## [Your task]
The answer must be an exact copy of the records, with every picture left out.

[Exercise data]

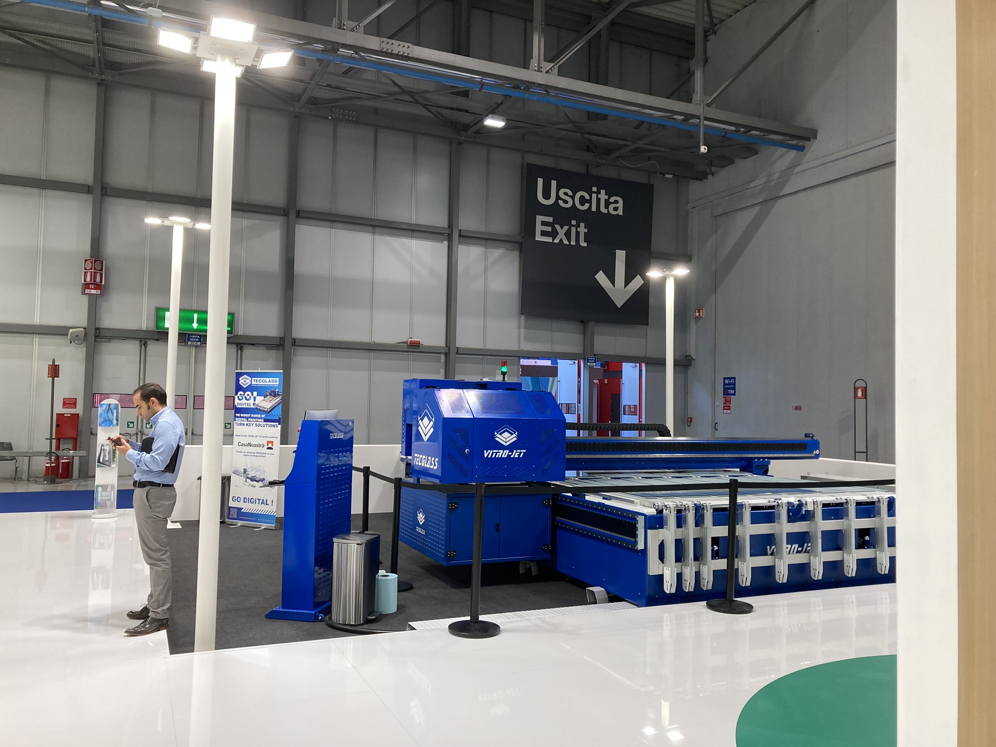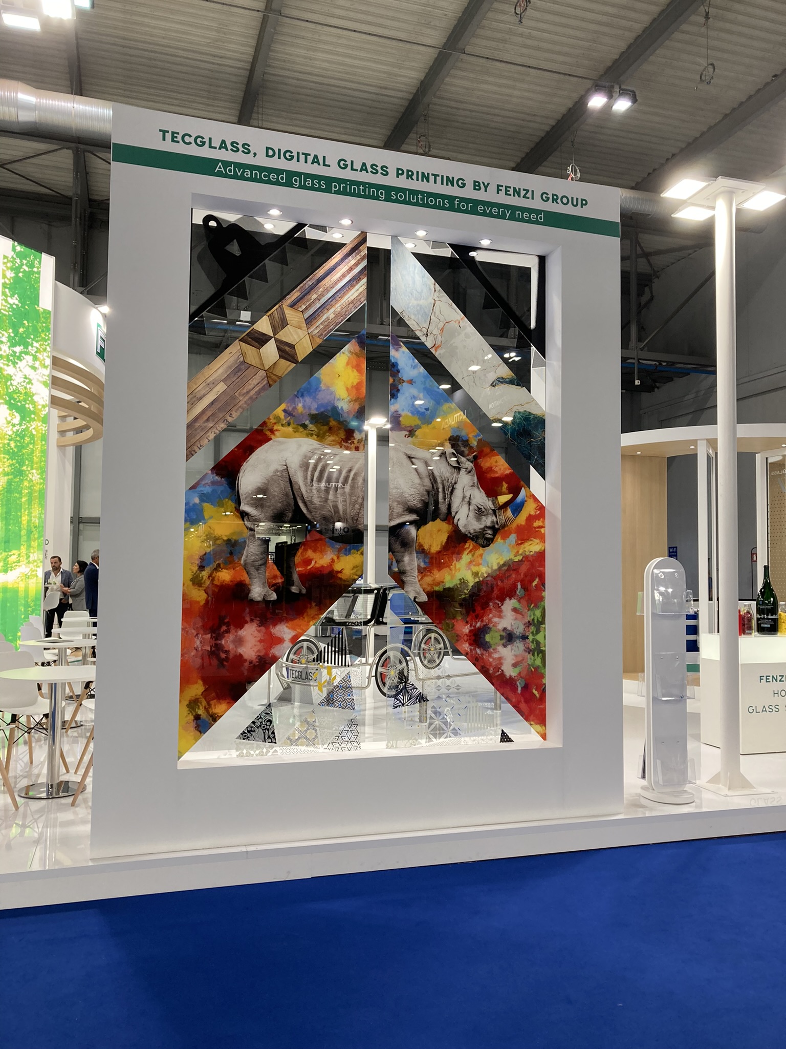 TECGLASS社はイタリアの化学品メーカーであるFENZI社のグループ企業で、Glass Alliance(グラスアライアンス)を構成しています。 VITRUM2023でも同社グループのブースでセラミック印刷機を展示しました。
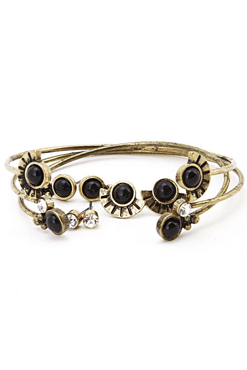 - * Black Half Moon Bead Earring And Bracelet Set 5FDA4 * 2 x 2.25 approx.
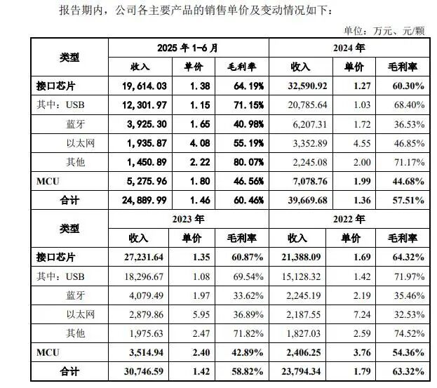 從財務數據看,沁恒微報告期內綜合毛利率保持在56%至60%之間,其中USB接口芯片的毛利率約70%。但需指出的是,沁恒微目前的高毛利率更多是一種階段性現象,而非可持續的競爭優勢。
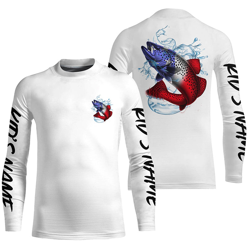 Personalized American Flag Speckled Trout Fishing Shirts, Patriotic Trout Long Sleeve Fishing Shirts IPHW6276
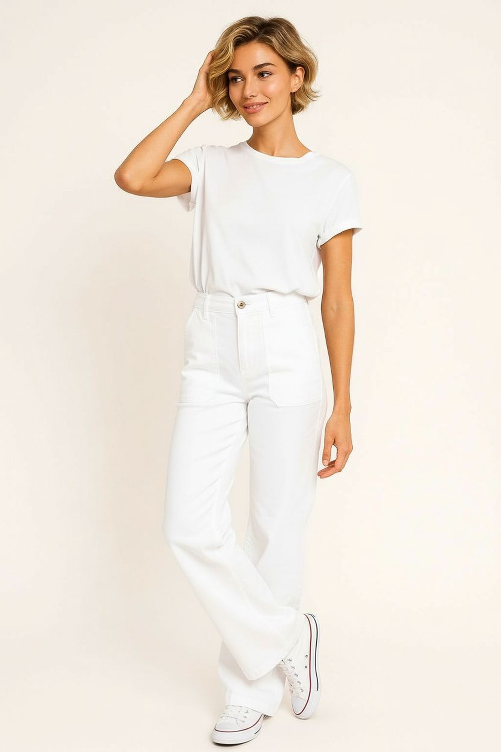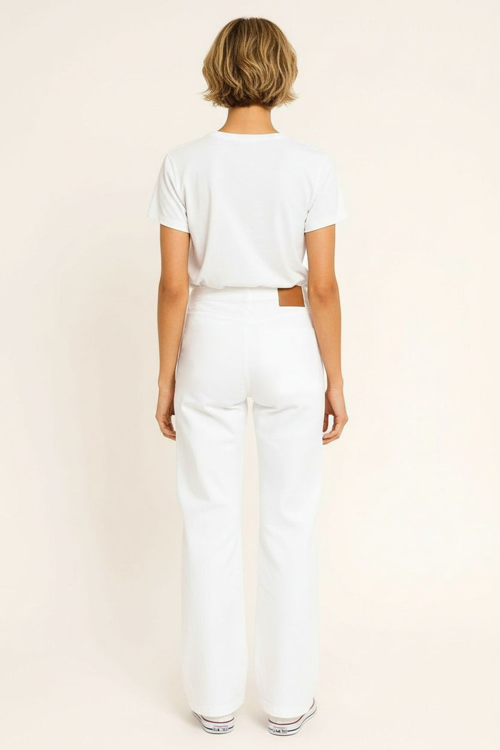 Pantalón de tiro alto con corte suelto y caída recta, confección en tejido ligero que permite movilidad, pretina con resorte y jareta ajustable que brinda ajuste cómodo, largo completo que estiliza la silueta, terminaciones limpias en bastilla para un acabado prolijo
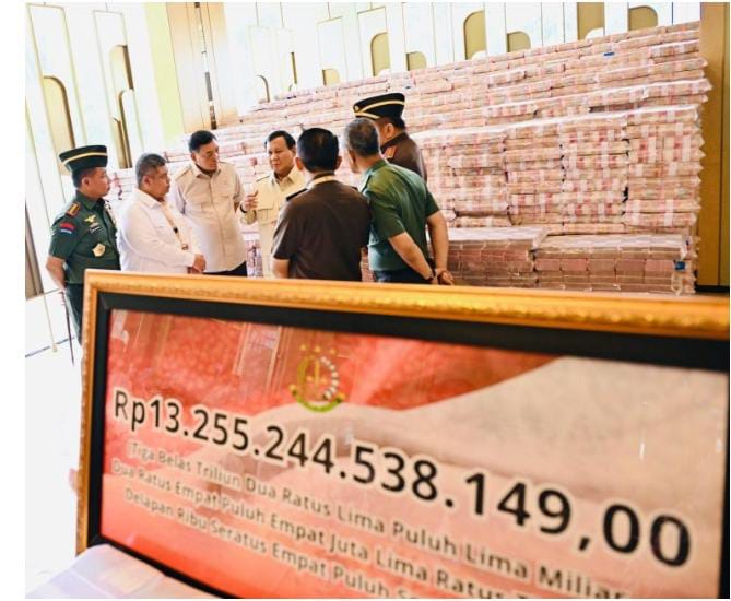 Lebih lanjut, Presiden menilai bahwa penyerahan uang pengganti kerugian negara sebesar Rp13,25 triliun ini menjadi pertanda baik sekaligus momentum refleksi dalam satu tahun masa pemerintahannya. Ia mengajak seluruh komponen bangsa untuk bersatu dalam menjaga serta mengelola kekayaan nasional dengan penuh tanggung jawab.

[/Exercise data]

## [Result]
 TECGLASS社はイタリアの化学品メーカーであるFENZI社のグループ企業で、Glass Alliance(グラスアライアンス)を構成しています。 VITRUM2023でも同社グループのブースでセラミック印刷機を展示しました。
 - * Black Half Moon Bead Earring And Bracelet Set 5FDA4 * 2 x 2.25 approx.
 從財務數據看,沁恒微報告期內綜合毛利率保持在56%至60%之間,其中USB接口芯片的毛利率約70%。但需指出的是,沁恒微目前的高毛利率更多是一種階段性現象,而非可持續的競爭優勢。
 Personalized American Flag Speckled Trout Fishing Shirts, Patriotic Trout Long Sleeve Fishing Shirts IPHW6276
 Pantalón de tiro alto con corte suelto y caída recta, confección en tejido ligero que permite movilidad, pretina con resorte y jareta ajustable que brinda ajuste cómodo, largo completo que estiliza la silueta, terminaciones limpias en bastilla para un acabado prolijo
 Lebih lanjut, Presiden menilai bahwa penyerahan uang pengganti kerugian negara sebesar Rp13,25 triliun ini menjadi pertanda baik sekaligus momentum refleksi dalam satu tahun masa pemerintahannya. Ia mengajak seluruh komponen bangsa untuk bersatu dalam menjaga serta mengelola kekayaan nasional dengan penuh tanggung jawab.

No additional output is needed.